Source material -
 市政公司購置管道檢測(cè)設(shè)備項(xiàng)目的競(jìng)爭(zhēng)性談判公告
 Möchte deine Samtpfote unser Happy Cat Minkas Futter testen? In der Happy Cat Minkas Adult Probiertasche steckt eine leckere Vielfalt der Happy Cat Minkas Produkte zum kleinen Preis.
--
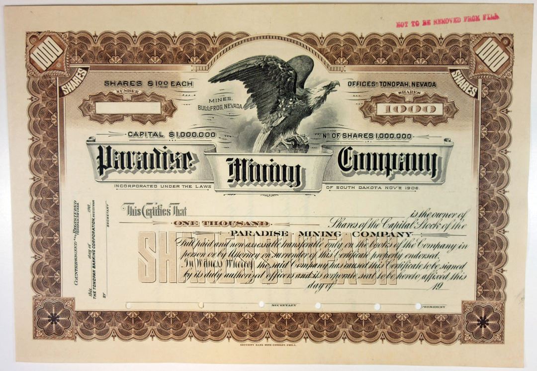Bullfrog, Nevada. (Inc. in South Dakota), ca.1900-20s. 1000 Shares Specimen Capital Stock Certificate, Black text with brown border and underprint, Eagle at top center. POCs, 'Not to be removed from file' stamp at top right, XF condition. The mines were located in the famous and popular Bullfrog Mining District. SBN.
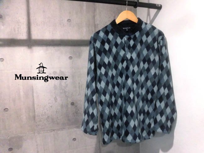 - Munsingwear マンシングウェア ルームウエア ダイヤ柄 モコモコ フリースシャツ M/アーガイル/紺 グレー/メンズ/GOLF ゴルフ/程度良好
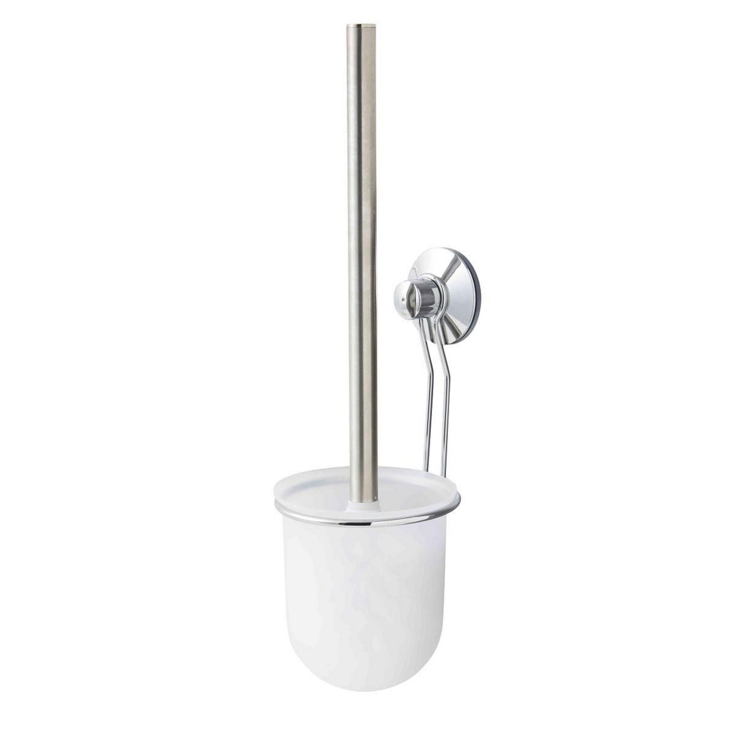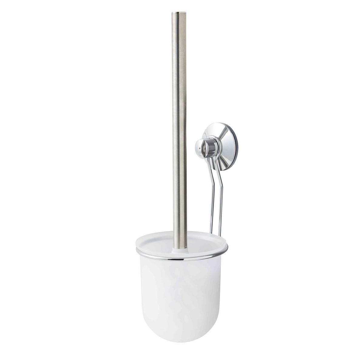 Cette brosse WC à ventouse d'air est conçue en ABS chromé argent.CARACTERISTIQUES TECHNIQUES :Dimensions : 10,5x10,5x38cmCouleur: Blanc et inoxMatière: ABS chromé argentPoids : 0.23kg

Required work -
Transcribe, word for word, the lines of the listing above from the one that contains "Bullfrog, Nevada. (Inc." through the one that contains "Cette brosse WC", keeping both ends and dropping the pictures.

Response -
Bullfrog, Nevada. (Inc. in South Dakota), ca.1900-20s. 1000 Shares Specimen Capital Stock Certificate, Black text with brown border and underprint, Eagle at top center. POCs, 'Not to be removed from file' stamp at top right, XF condition. The mines were located in the famous and popular Bullfrog Mining District. SBN.
 - Munsingwear マンシングウェア ルームウエア ダイヤ柄 モコモコ フリースシャツ M/アーガイル/紺 グレー/メンズ/GOLF ゴルフ/程度良好
 Cette brosse WC à ventouse d'air est conçue en ABS chromé argent.CARACTERISTIQUES TECHNIQUES :Dimensions : 10,5x10,5x38cmCouleur: Blanc et inoxMatière: ABS chromé argentPoids : 0.23kg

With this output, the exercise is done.